==== SOURCE DATA

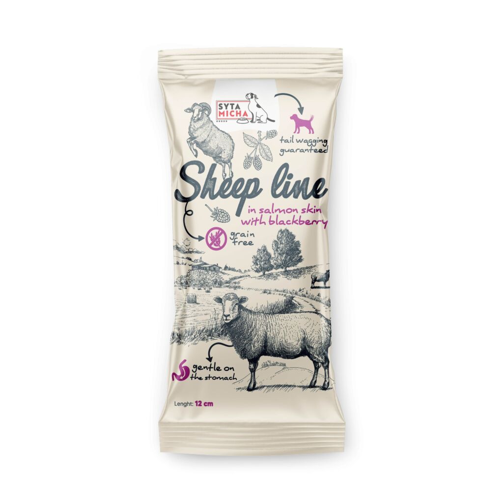 Řada kostiček Sheep line navržená tak, aby psovi poskytla potřebné živiny a důkladným žvýkáním přinesla klid na duši. Tyto psí pochoutky jsou vyrobeny z nezpracovaných komponent a těmi není nic jiného než ovčí kůže, lososová kůže, dýně, ostružiny, biotin a zinek.
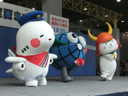 ステージには、関空のキャラクター「カンクン」と伊丹空港のキャラクター「そらやん」も遊びに来てくれました。7年連続参加のお礼を言いに来てくれたんですって~。関空は今年で開港20周年、伊丹開港も開港75周年ということです。本当におめでとうございます。
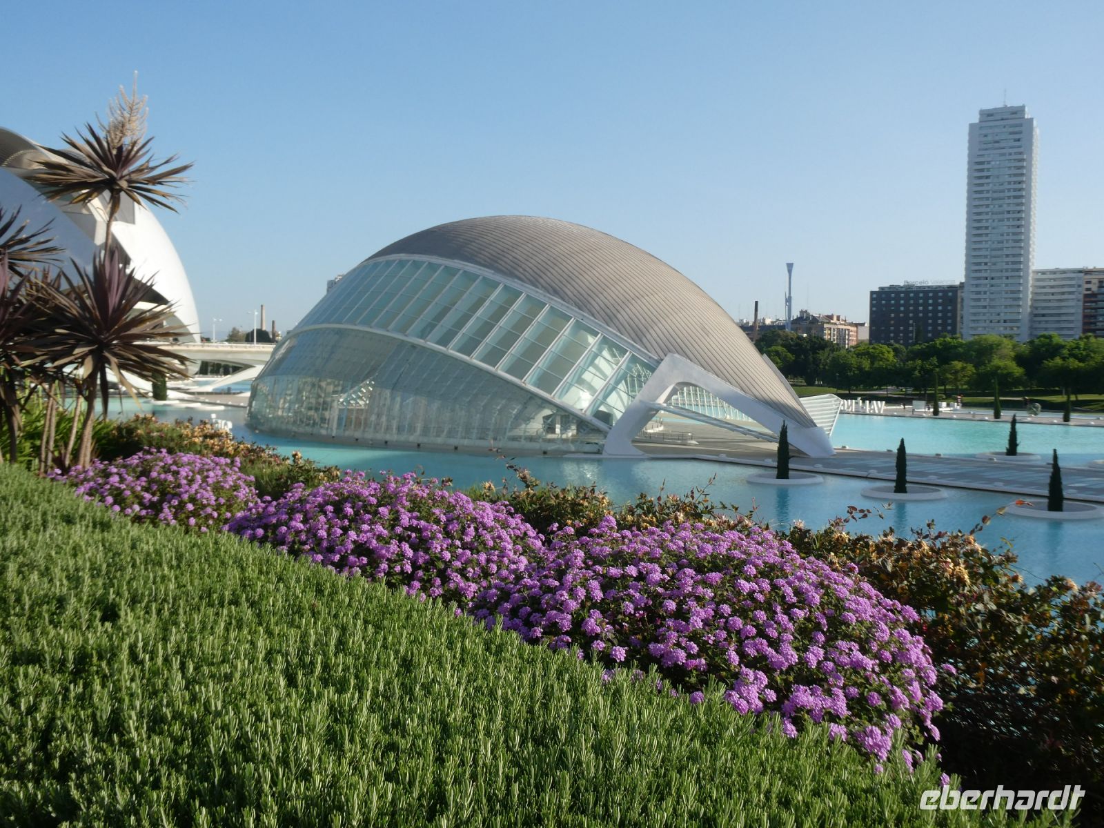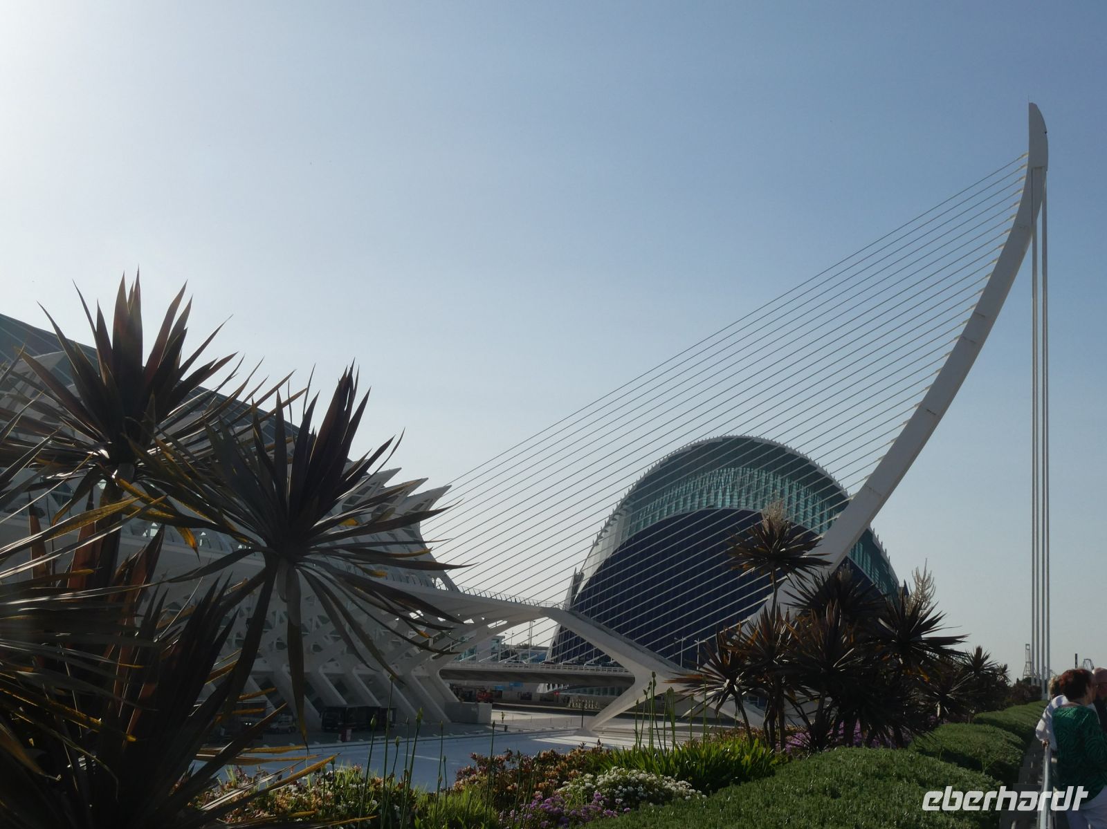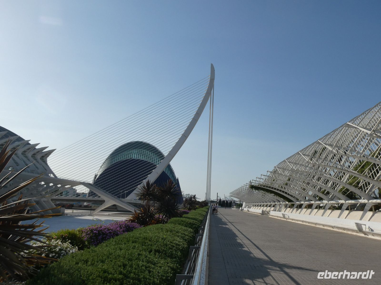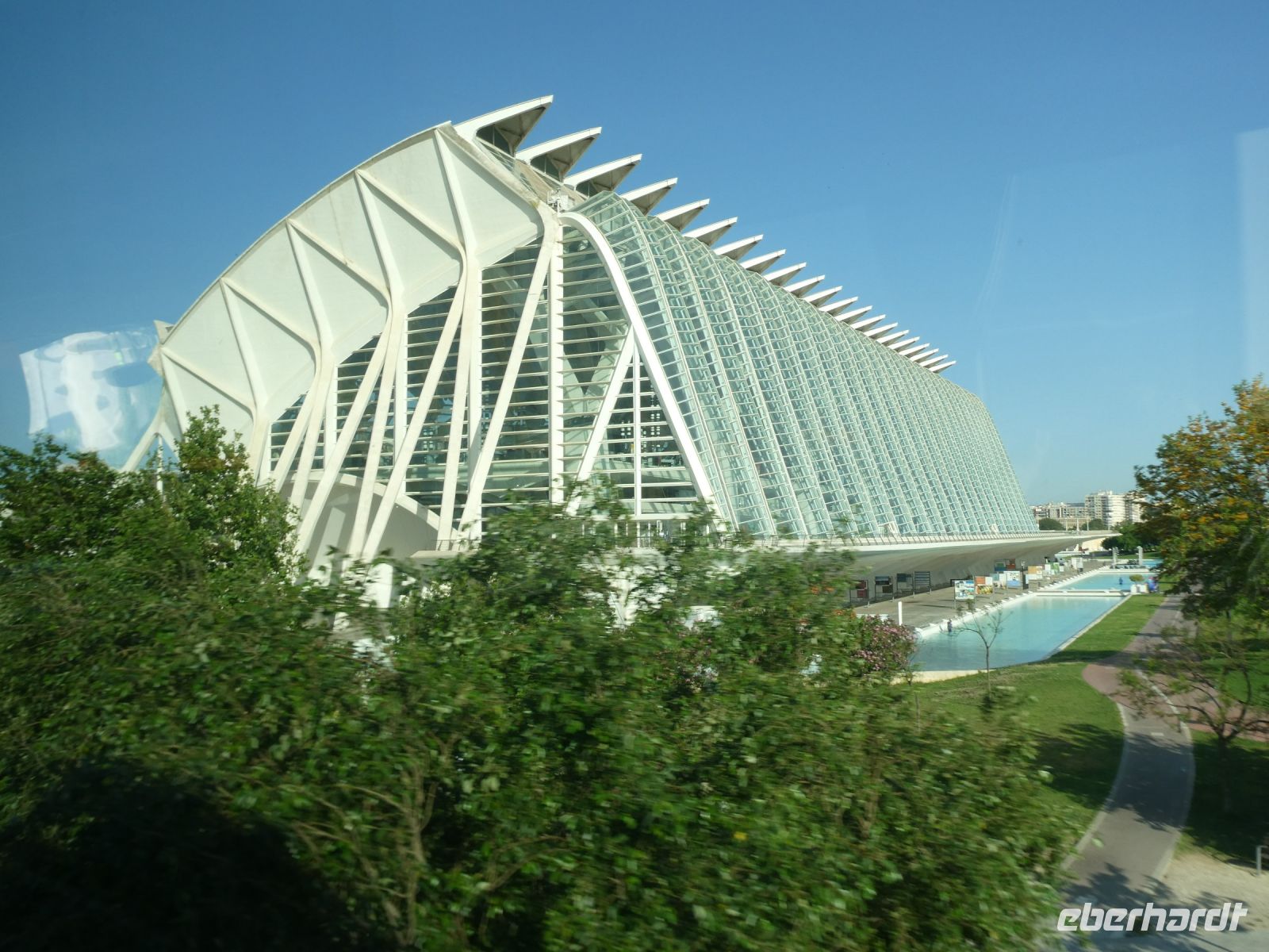 Dann aber müssen wir zurück, was gar nicht so einfach und schnell geht, denn es findet in Guadix ein Stadtlauf statt und die Straßen werden zeitweise abgesperrt. Unsere Abfahrt verzögert sich also ein wenig, was aber nichts macht, da es heute die einzige Besichtigung ist. Anschließen geht es auf direktem Weg nach Valencia, der Hauptstadt der gleichnamigen Region an der "Orangenküste". Bei der Einfahrt in die Stadt kommen wir an einer der Hauptattraktionen von Valencia vorbei, an der "Ciutat de les Arts i les Ciències" im valencianischen Dialekt ausgedrückt, was "Stadt der Künste und der Wissenschaften" bedeutet. Sie wurde vom spanischen zeitgenössischen Architekten "Santiago Calatrava" entworfen und liegt im ehemaligen Flussbett des "Turia", dem Fluss an dem die Stadt von den Römern gegründet wurde. Eine kühne moderne Architektur, die beeindruckt. Morgen werden wir mehr davon sehen.

========

* [WHAT IS NEEDED]: If pictures appear in the data, do not print them; repeat the rest exactly.

* [EXERCISE RESULT]:
 Řada kostiček Sheep line navržená tak, aby psovi poskytla potřebné živiny a důkladným žvýkáním přinesla klid na duši. Tyto psí pochoutky jsou vyrobeny z nezpracovaných komponent a těmi není nic jiného než ovčí kůže, lososová kůže, dýně, ostružiny, biotin a zinek.
 ステージには、関空のキャラクター「カンクン」と伊丹空港のキャラクター「そらやん」も遊びに来てくれました。7年連続参加のお礼を言いに来てくれたんですって~。関空は今年で開港20周年、伊丹開港も開港75周年ということです。本当におめでとうございます。
 Dann aber müssen wir zurück, was gar nicht so einfach und schnell geht, denn es findet in Guadix ein Stadtlauf statt und die Straßen werden zeitweise abgesperrt. Unsere Abfahrt verzögert sich also ein wenig, was aber nichts macht, da es heute die einzige Besichtigung ist. Anschließen geht es auf direktem Weg nach Valencia, der Hauptstadt der gleichnamigen Region an der "Orangenküste". Bei der Einfahrt in die Stadt kommen wir an einer der Hauptattraktionen von Valencia vorbei, an der "Ciutat de les Arts i les Ciències" im valencianischen Dialekt ausgedrückt, was "Stadt der Künste und der Wissenschaften" bedeutet. Sie wurde vom spanischen zeitgenössischen Architekten "Santiago Calatrava" entworfen und liegt im ehemaligen Flussbett des "Turia", dem Fluss an dem die Stadt von den Römern gegründet wurde. Eine kühne moderne Architektur, die beeindruckt. Morgen werden wir mehr davon sehen.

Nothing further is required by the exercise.